**Exercise description:** Give back the exact lines of the material below from the one containing "Non-country/region-specific bilateral ODA" through the one containing "Perfect for a", and no pictures.

**Dataset content:**

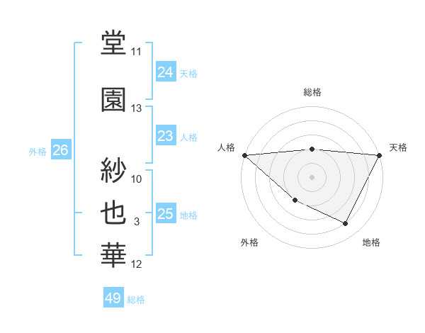 堂園 紗也華さんを姓名の画数から五運を鑑定
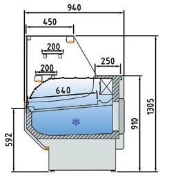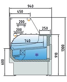 Vetrine refrigerate statiche, non canalizzabili, profondità 940 mm. Struttura esterna realizzata in lamiera di acciaio preverniciata. Vetro frontale temperato ribaltabile (apertura dall’alto). Sbrinamento automatico. Evaporazione automatica della condensa. Piano di esposizione disponibile in 2 versioni, uno in AISI 304 optional e l’altro in lamiera di acciaio con speciale trattamento con resine epossidiche atossiche anti corrosione, idoneo per alimenti. Piano di lavoro operatore in Acciaio Inox AISI 304. Spazio espositivo utile di 640 mm di profondità. Illuminazione a led di serie posizionata sotto il piano superiore. Riserva refrigerata con porte con apertura utile mm 440X270. Controllo elettronico di temperatura Carel. Isolamento in poliuretano espanso con densità 40 Kg/m cubo. Spalle in ABS termoformate e coibentate (spessore 40 mm). Parte superiore in laminato melaminico. Rifiniture con profili in alluminio. Temperatura -1°/+5°C. Classe climatica 4M1. Indicatore di temperatura analogico posizionato all’interno della vetrina. Fascia frontale disponibile in 8 differenti colori senza sovrapprezzo, colore nero di serie. Ripiano intermedio di cristallo e scorrevoli in plexiglas (optional). Alimentazione 230V. MARCHIO CE
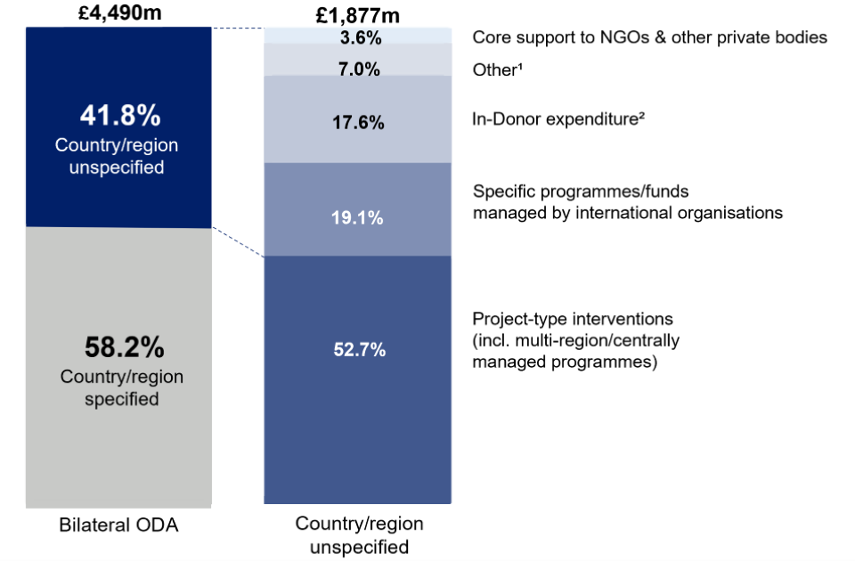 Non-country/region-specific bilateral ODA consists of spend on projects which are not assigned to any single recipient country or region. For example, centrally funded research or programmes which benefit several developing countries and cannot be meaningfully recorded to a single benefitting country or region.
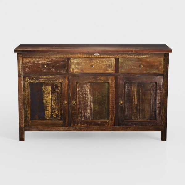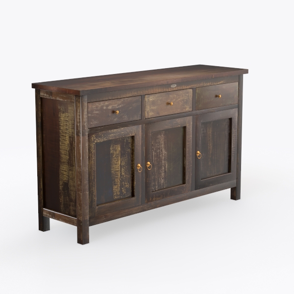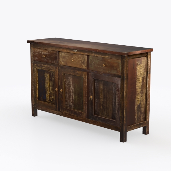 Perfect for a vintage or industrial-style living room, it pairs beautifully with a jute rug, leather sofa, and a metal-framed floor lamp, enhancing both cozy and sophisticated vibes. Functionality shines: three spacious drawers and three cabinet doors offer ample storage for tableware, books, or decor, making it practical without sacrificing style. Each detail, from the brass handles to the varied wood tones, feels like a curated blend of history and purpose, creating a timeless piece for any home.
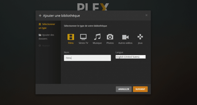 Patientez quelques secondes, le temps que Plex d'initialise, cliquez ensuite sur "Ajouter une bibliothèque". Prenez le type "Films" et spécifiez un nom pour cette bibliothèque, on peut tout simplement indiquer "Films".
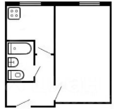 Жилая площадь 21 м². Можно легко разделить на две комнаты стеклянной перегородкой. На кухне раскладное кресло-кровать ИКЕА. Коридор длинный, и на перспективу можно сделать большой современный распашной встроенный шкаф буквой Г.
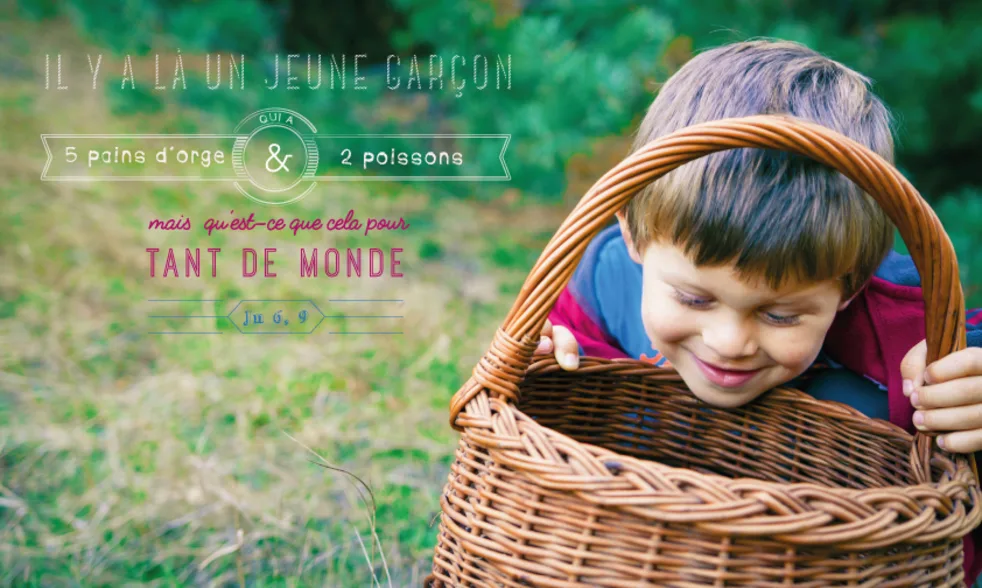 Un de ses disciples, André, le frère de Simon-Pierre, lui dit: «Il y a là un jeune garçon qui a cinq pains d’orge et deux poissons, mais qu’est-ce que cela pour tant de monde!» Jésus dit: «Faites asseoir les gens.» Il y avait beaucoup d’herbe à cet endroit. Ils s’assirent donc, au nombre d’environ cinq mille hommes. (Jn 6,1-15)
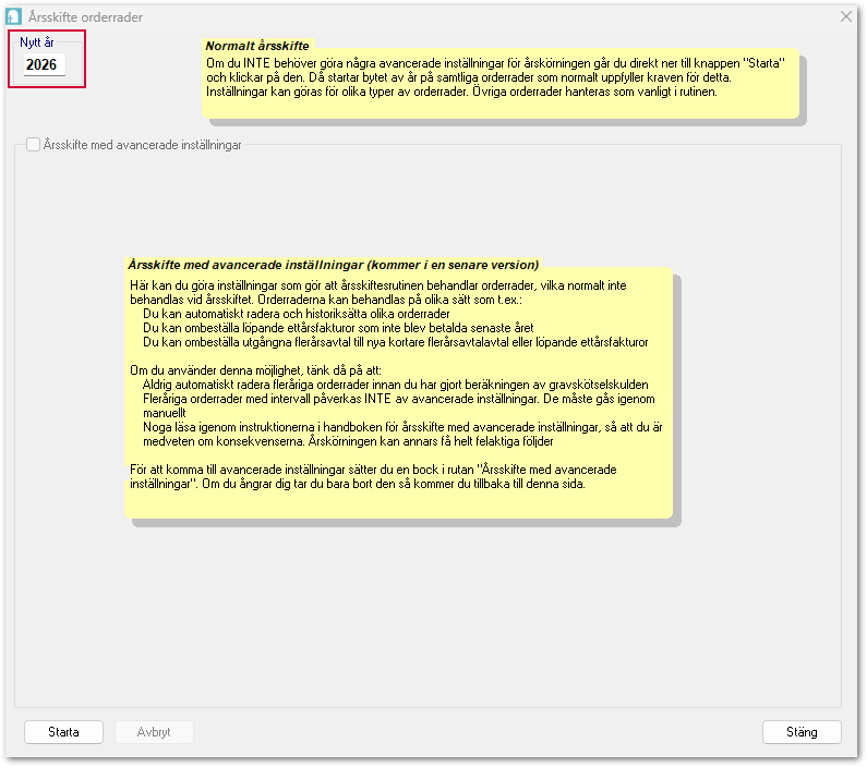 Kontrollera att det nya året står under Nytt år. Klicka sedan på Starta. Systemet ställer nu om alla orderrader som är korrekta till det nya aktuella året. En lista genereras automatiskt med information om vad som hänt på de olika orderraderna. Sätt sedan en bock i kryssrutan för Byt till nytt år på orderraderna.

**Result below:**
 Non-country/region-specific bilateral ODA consists of spend on projects which are not assigned to any single recipient country or region. For example, centrally funded research or programmes which benefit several developing countries and cannot be meaningfully recorded to a single benefitting country or region.
 Perfect for a vintage or industrial-style living room, it pairs beautifully with a jute rug, leather sofa, and a metal-framed floor lamp, enhancing both cozy and sophisticated vibes. Functionality shines: three spacious drawers and three cabinet doors offer ample storage for tableware, books, or decor, making it practical without sacrificing style. Each detail, from the brass handles to the varied wood tones, feels like a curated blend of history and purpose, creating a timeless piece for any home.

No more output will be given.